The structural formula of the catalyst used in the invention is as follows:
the preparation method of the catalyst refers to the related information (Synthesis of novel multi-SO)3H functionalized ionic liquid and its catalytic activities for biodieselsynthesis[J]Green Chemistry, 2010, 12: 201-204; preparation method of multi-sulfonic functional ionic liquid [ P],CN 101348487A)。

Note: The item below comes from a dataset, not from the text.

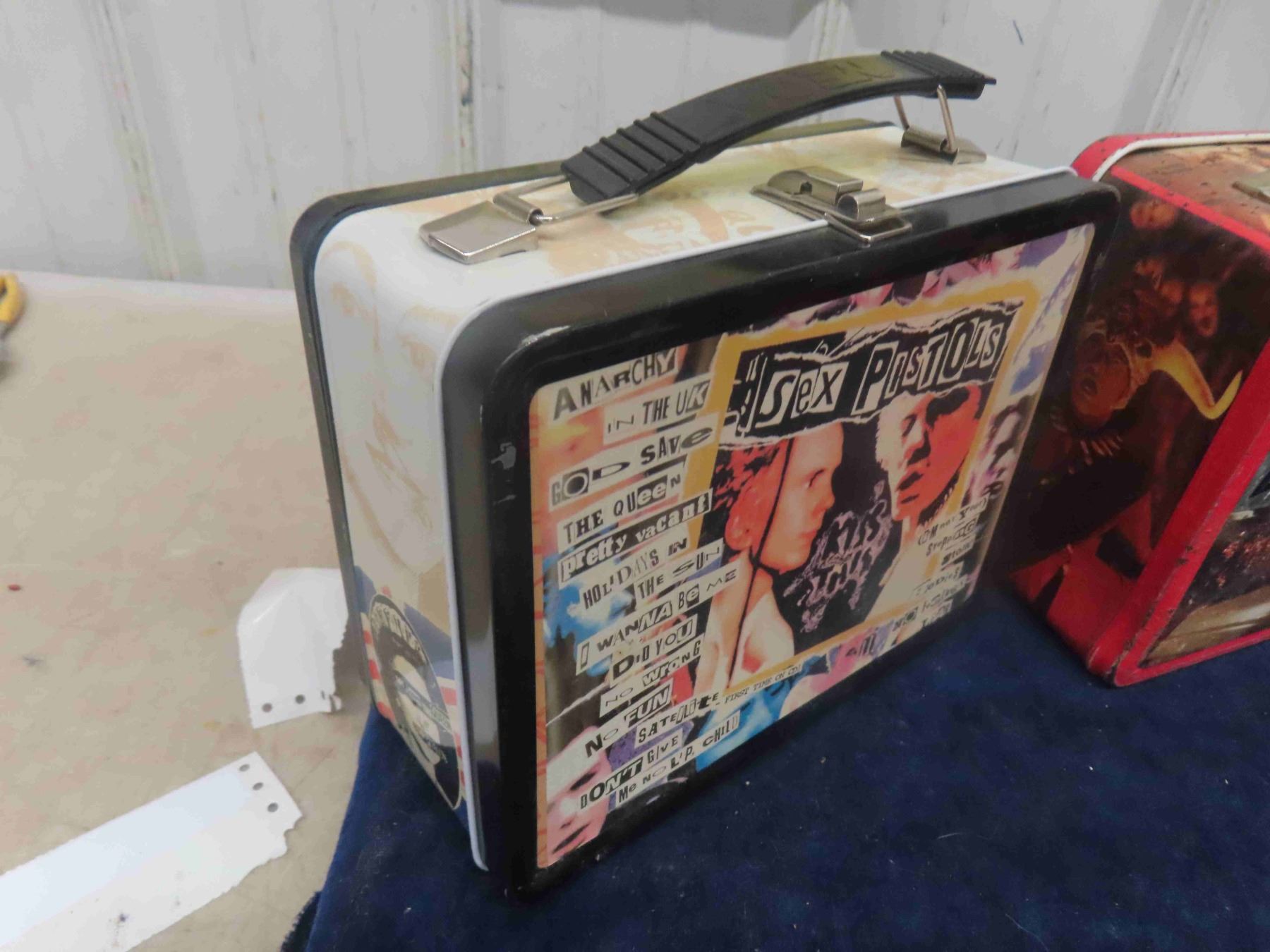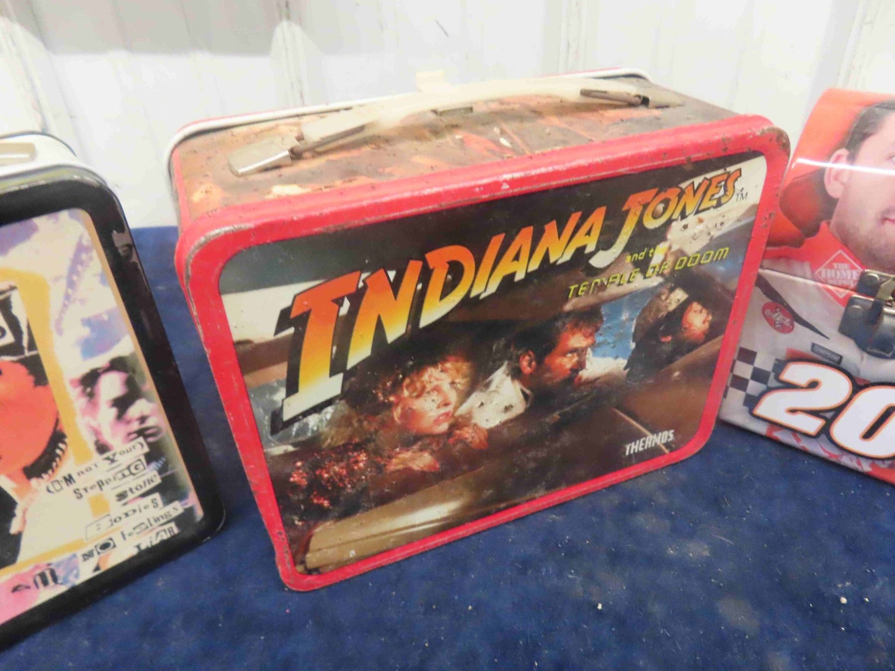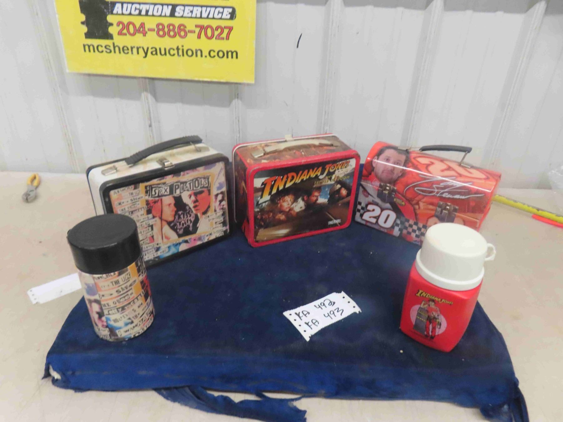 3 Metal Lunch Kits ; Sex Pistols + Thermos, Indiana Jones + Thermos & Nascar

The synthesis process of the 2-aryl-2, 3-dihydro-4 (1H) -quinolinone derivative is as follows: respectively adding reaction raw materials of o-aminoacetophenone, aromatic aldehyde and a catalyst into a raw material mixer, fully and uniformly mixing with a reaction solvent, then carrying out heating reflux reaction under ultrasonic radiation for 1.0-3.5H, cooling to room temperature after the reaction is finished to precipitate a large amount of solids, then placing the raw material mixer into an ice-water bath cooling device for continuous cooling, crushing the precipitated solids when the solid amount is not increased any more, standing, carrying out suction filtration, and washing and vacuum drying the obtained filter residue to obtain the 2-aryl-2, 3-dihydro-4 (1H) -quinolinone derivative.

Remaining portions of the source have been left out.